Comey was one of the most interesting and dynamic public officials in our sleepy Southern town. He was also one of the few who actively courted the press, calling reporters to alert them to high-profile arrests or provide juicy, off-the-record details about investigations.

He was a law-and-order Republican and, at 6 foot 8 inches, an imposing figure. But Comey was also warm and personable, a doting father of five and an avid bicyclist.

Shortly after arriving in Richmond, he helped create a controversial initiative called Project Exile aimed at getting guns off the streets.

Under the program, routine firearm possession charges typically sent to state court were instead transferred to the federal system, where offenders faced automatic five-year prison sentences.

Exile drew accolades in Richmond, which was perennially named a murder capital in the 1990s. But it was denounced by the National Rifle Association. Love it or hate it, the program raised Comey's profile, and in 2001 he was named the U.S. attorney in the Southern District of New York. He continued to attract attention, especially after his office took aim at the doyenne of domesticity, Martha Stewart.

The decision to prosecute Stewart for making false statements about a stock sale drew criticism from Stewart's fans and legal analysts alike. Some accused Comey of misogyny. Others said he was chasing headlines. In a New York Times op-ed, William Safire accused Comey of twisting the law to make an example out of a celebrity.

"In doing justice, righteous ends don't justify unscrupulous means, " Safire wrote.

But Comey's star continued to rise and he was tapped in 2003 to go to Washington.

It was here that Comey ran into the conflict he called "the most difficult of my professional career."

On March 9, 2004, Ashcroft underwent gallbladder surgery after a severe case of pancreatitis. The next day, Comey refused to sign off on a warrantless eavesdropping program that allowed the National Security Agency to monitor e-mails and telephone calls between the United States and overseas.

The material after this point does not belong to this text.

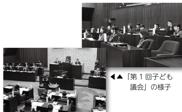
◀「第1回子ども議会」の様子

平 成27年に選挙権年齢が18歳以上に引き下げられたことに伴い、行政や議会のしくみを学び、市政・議会活動への関心を高める機会の一環として、「行橋市子ども議会」を平成28年2月に開催しました。 行橋市では初めてとなった子ども議会では、市内の各中学校から選ばれた生徒18人が、日常生活の中で感じた疑問や、市をより良くするための意見などについて、質問・提案を行いました。参加した子ども議員や傍聴者から大変好評をいただきましたので、第2回目となる子ども議会を開催します。

After a review, the Justice Department raised questions about its legality. Ashcroft was briefed on the findings and agreed that changes were needed, Comey said.

That night, Comey received an urgent phone call from Ashcroft's chief of staff. Ashcroft's wife had called him because Card and Gonzales were on their way to the hospital, ignoring her request for no visitors. Comey raced to George Washington University Hospital, beating Gonzales and Card by a few minutes. The pair asked Ashcroft to approve the order, but he rebuffed their request.

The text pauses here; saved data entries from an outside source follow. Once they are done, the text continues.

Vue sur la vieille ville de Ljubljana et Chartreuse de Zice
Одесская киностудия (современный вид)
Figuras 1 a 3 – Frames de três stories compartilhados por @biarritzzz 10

"I was angry, " Comey testified. "I had just witnessed an effort to take advantage of a very sick man, who did not have the powers of the attorney general because they had been transferred to me." In the end, the White House simply renewed the wiretapping program without Justice Department approval.

Bush later gave his support to making changes in the program, Comey said. But the administration never disclosed what those changes were.

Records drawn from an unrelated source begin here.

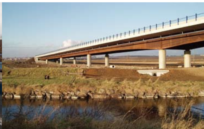
Estakáda na spojce S1 přes řeku Opavu – pohled na trasu z opěry č.1
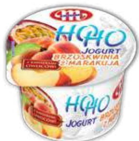
Jogurt HOHO brzoskwinia z marakują 100 g Peach with passionfruit yoghurt HOHO 100 g Йогурт ХОХО персик и маракую 100 г
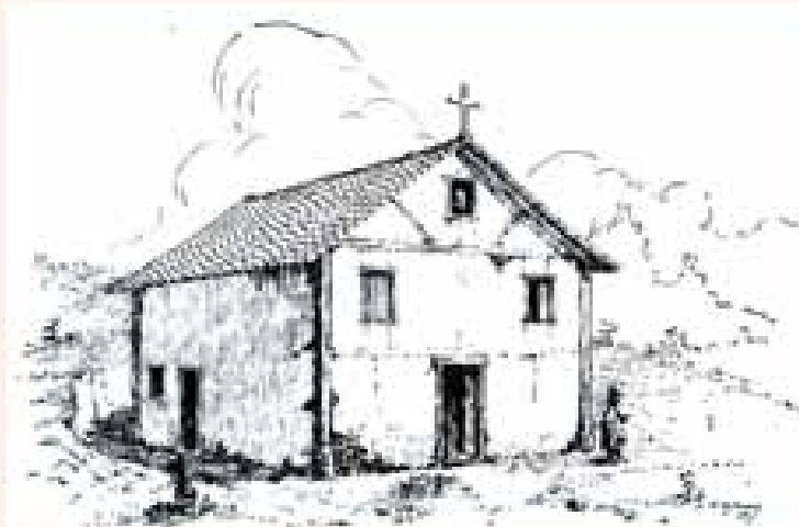
Rio Novo - Capela do Major (1864)

Comey's story drew immediate outrage. Republican Sen. Chuck Hagel of Nebraska demanded Gonzales' resignation. The ACLU asked the White House to turn over all documents related to the wiretapping program. Meanwhile, Comey is being heralded as the last honest man in Washington.

Comey resigned his Justice Department position in August 2006 and is now general counsel and senior vice president of Lockheed Martin.

I'm sure life in the private sector is far more relaxing - and lucrative - than government service. But I'll be watching to see what Comey does next. I have a feeling he won't be out of the limelight for long. He may be a straight arrow, but he's one who knows how to aim directly at the media's heart.